L’attività rientra fra le attività progettate dall’Istituto relative ai nuovi percorsi per le competenze trasversali e per l’orientamento (ex Alternanza Scuola-Lavoro) per proporre agli studenti un’azione didattica integrata, con lo scopo di consolidare le connessioni tra gli apprendimenti in contesti formali, informali e non formali, valorizzando oltre alle competenze professionali anche l’aspetto emotivo e relazionale come parte sostanziale del processo di formazione.

“È stata una bellissima esperienza e sono molto felice di aver partecipato a questa manifestazione che non conoscevo” sostiene Jeisson de Souza Yuri della classe 4°A Turismo, a commento dell’iniziativa. “Ho approfondito la conoscenza della cultura e delle tradizioni locali del Monferrato. è stato un vero lavoro di squadra, che mi ha permesso di comunicare costruttivamente in ambienti diversi e di condividere la mia emozione anche con tutti i visitatori che mi hanno ascoltato”.

Grande soddisfazione viene espressa anche dal Dirigente Scolastico del 'Leardi', prof.ssa Nicoletta Berrone: “L’Istituto da sempre è attento alle esigenze del territorio e, anche in questa occasione, ha aderito a un’iniziativa ormai consolidata per promuovere e valorizzare la nostra storia e le nostre tradizioni: un ringraziamento a tutti gli alunni e ai docenti che, nonostante la pausa didattica, hanno prestato le loro energie e il loro tempo per una finalità così importante.

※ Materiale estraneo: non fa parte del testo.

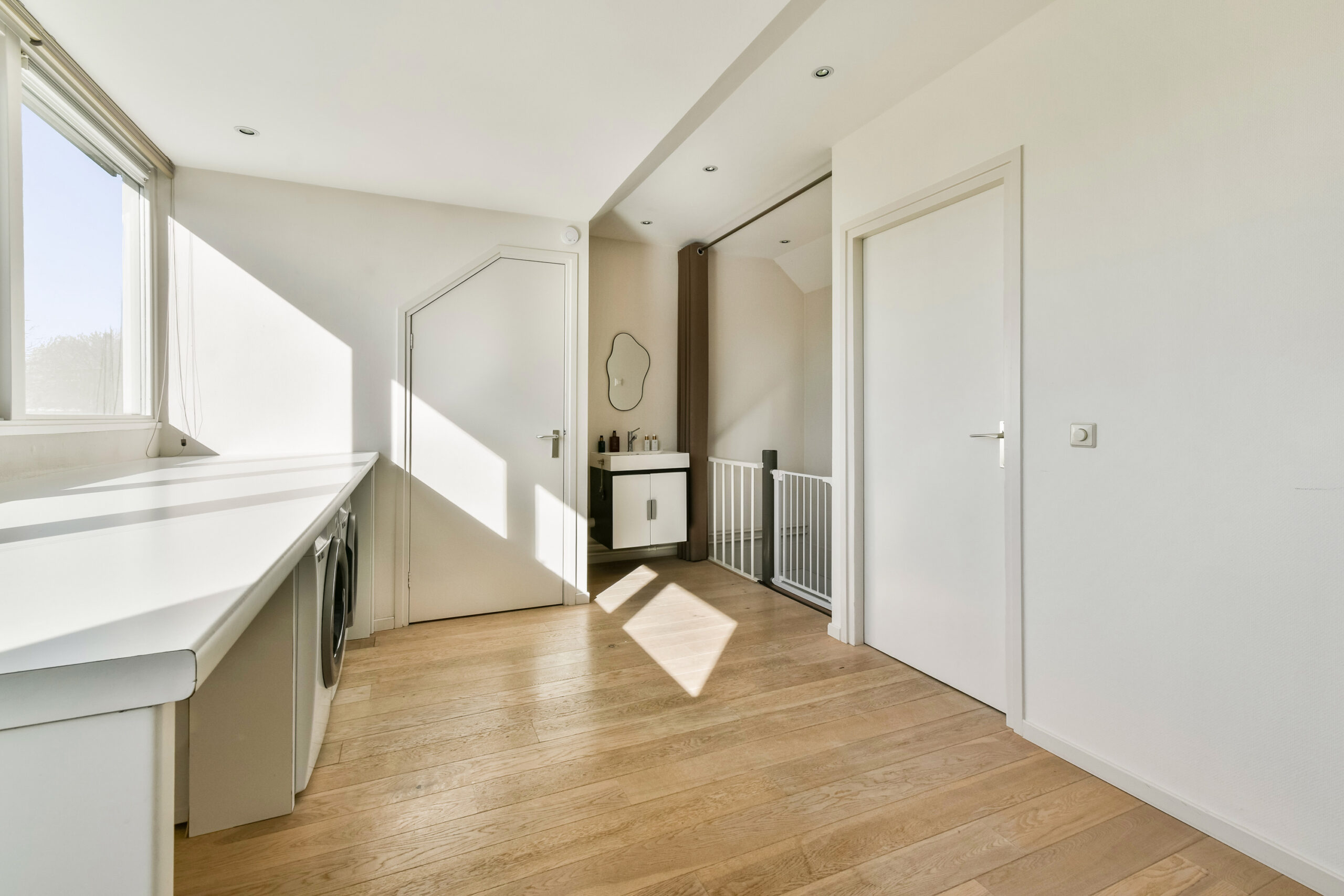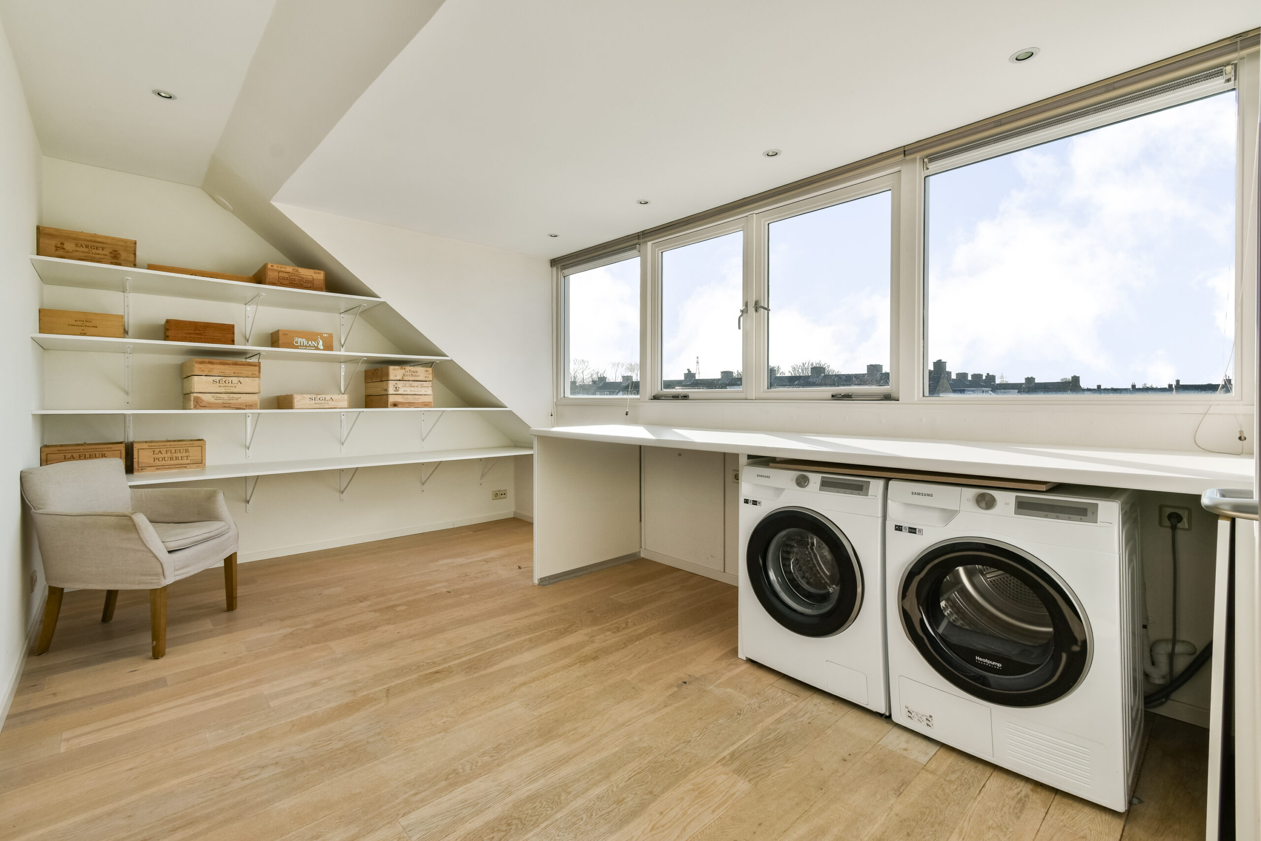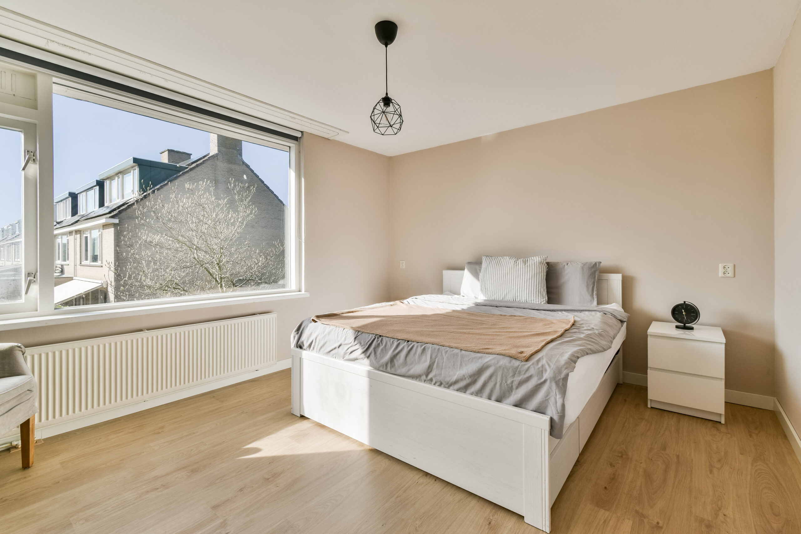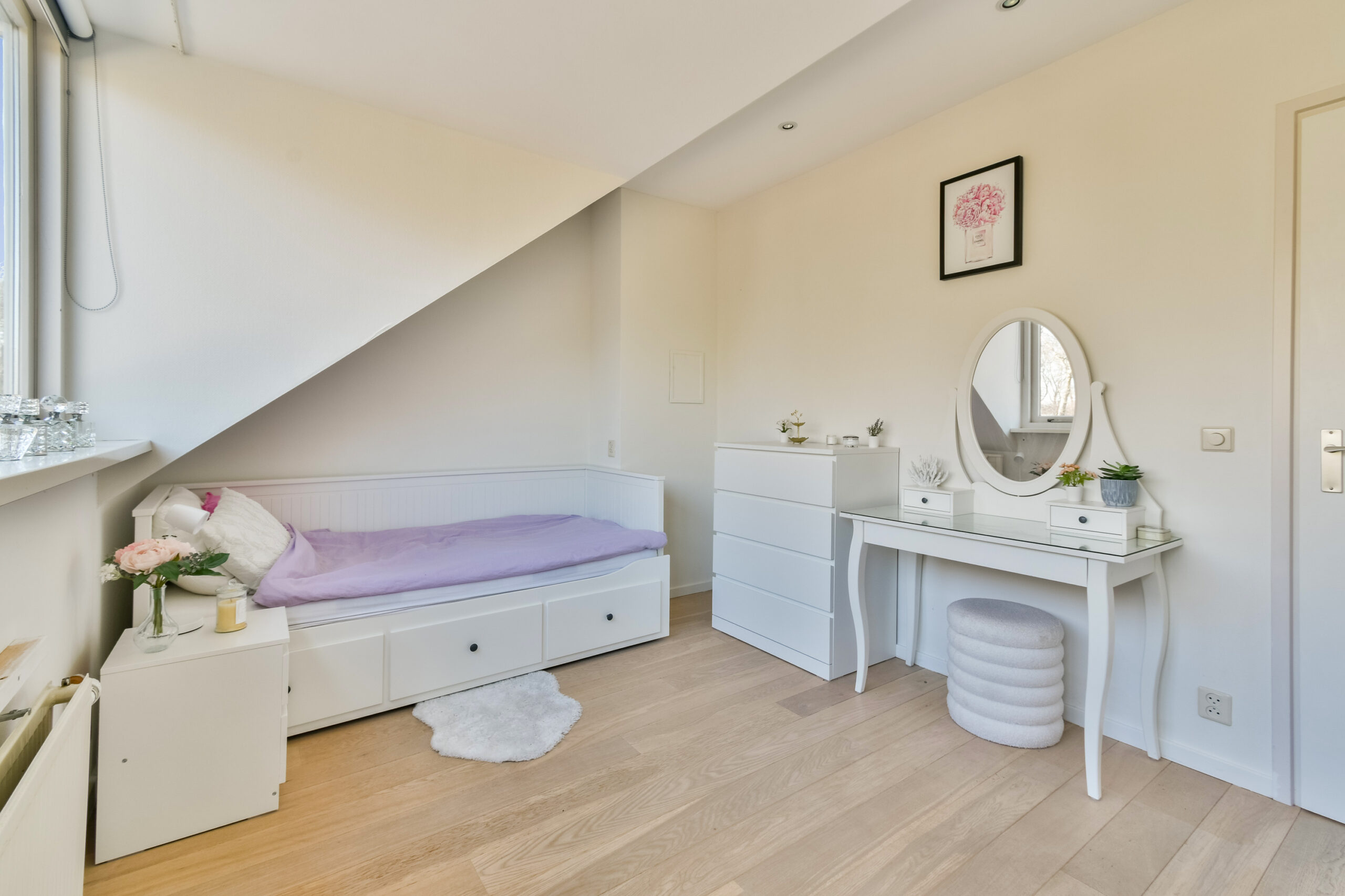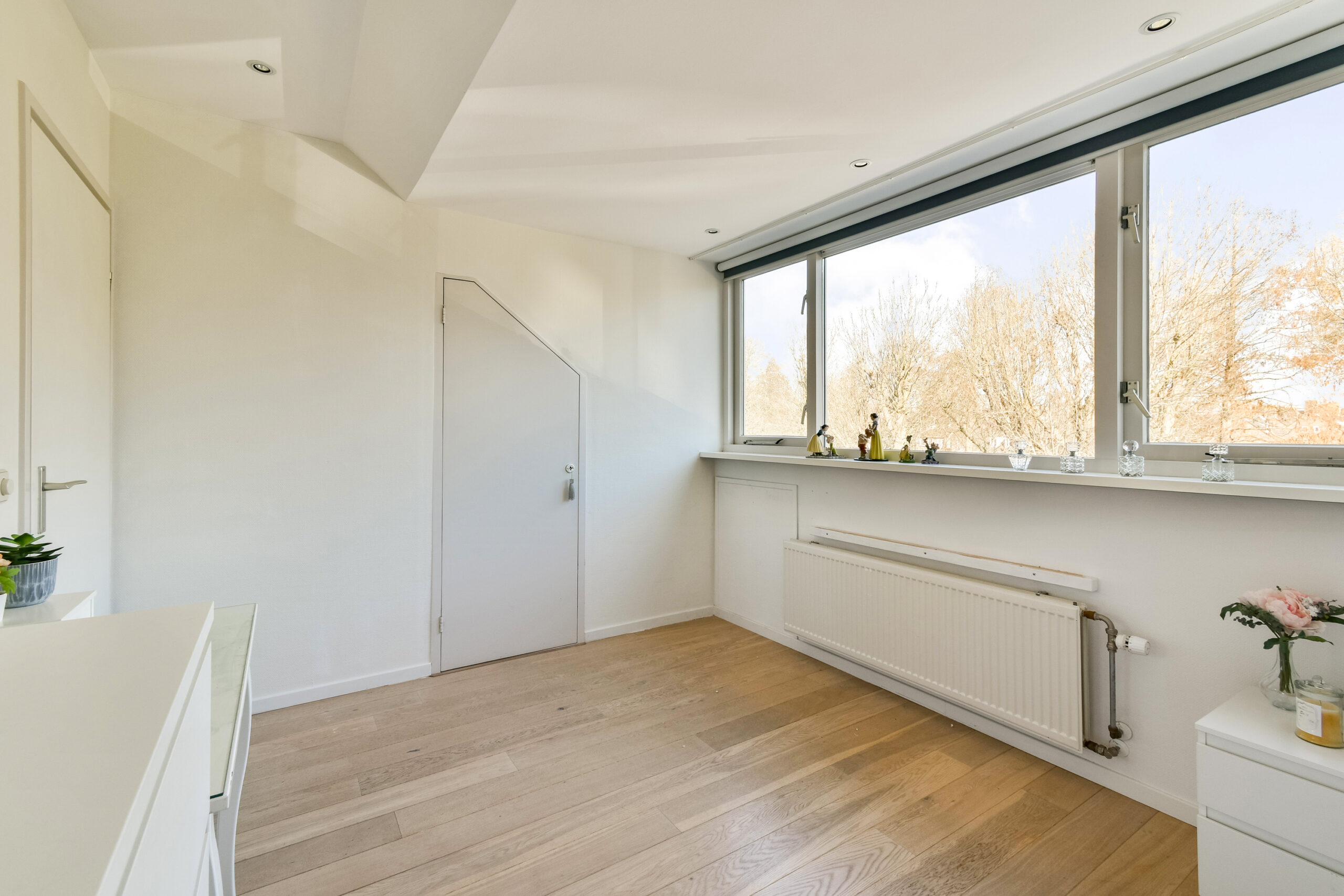 Tweede verdieping: op deze verdieping vindt u een prachtige lichte werkkamer, ideaal als thuiswerkplek, hobbyruimte of speelkamer. Tevens is hier een vaste bergkast met de opstelling van de cv-combiketel (2018), een wastafelmeubel en aansluitingen voor wasapparatuur. Daarnaast bevindt zich hier een grote vierde slaapkamer met een ruime inloopkast en een schitterend uitzicht over het Mondriaanpark. Dankzij de brede dakkapellen aan zowel de voor- als achterzijde is deze verdieping extra ruim en licht.

Esprimo tutta la mia stima anche verso il prof. Ilenio Celoria, docente di Laboratori tecnici e artistici, che ha potuto mostrare presso la sede dell’Ecomuseo della Pietra da Cantoni una presentazione sulle visite virtuali agli Infernot attraverso l’uso delle nuove tecnologie”.

A tutti gli studenti il comune di Cella Monte ha offerto il pranzo e ha rilasciato un attestato di partecipazione che andrà ad arricchire il curriculum vitae di ciascun alunno.